Many financial commentators have railed at investors over the last few years for venturing out too far on the risk curve.
But, "all of the best investors take calculated risks,"
Christine Benz, director of personal finance for Morningstar, writes on the firm's web site. "The key to their success is that they make sure they're getting compensated for whatever risks they take on."
She lists several mutual funds that in the past have amply compensated investors for their risks.
These funds have generally slid more than their peers in prior market downturns, but Morningstar analysts believe they will perform strongly in the future.

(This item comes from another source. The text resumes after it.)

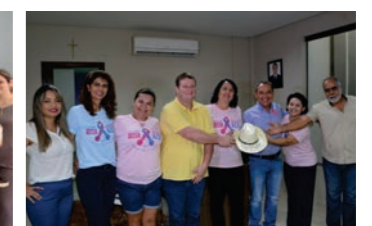
CDL repassou para Refeecs, chapéu do cantor para leilão beneficente

When it comes to stock funds, Morgan Stanley Institutional Growth (Ticker: MSEGX) and Oakmark Select (OAKLX) were the only domestic-oriented funds to make the grade.
Morgan Stanley Institutional is a growth fund with a disciplined strategy and excellent long-term results, Benz says. Meanwhile Oakmark Select's "quality- and valuation-conscious approach has been vindicated over longer time frames," she writes.
If you're looking to jump way out on the risk curve, you can invest in whiskey.
The first whiskey index was created six years ago, according to CNNMoney, and since then top single malts have soared in value by more than 660 percent. That compares to 143 percent for the S&P 500 index during that period.
"Whiskey as an investment is being driven by an escalating international demand, combined with an ever-decreasing supply of rare and aged single malt,"
whiskey entrepreneur Stephen Notman told CNNMoney.
Of course, there are plenty of pratfalls to investing in collectibles like whiskey. First, they aren't necessarily true "alternative" investments. They are often highly correlated to stock prices.
Second, the market for collectibles is frequently illiquid. You might not be able to unload that bottle of booze so easily when the desire or need strikes you.
As a result, experts advise buying collectibles only when you have a passion for the items. Purchase the whiskey because you enjoy looking at it etc., not because you think you can get rich off of it.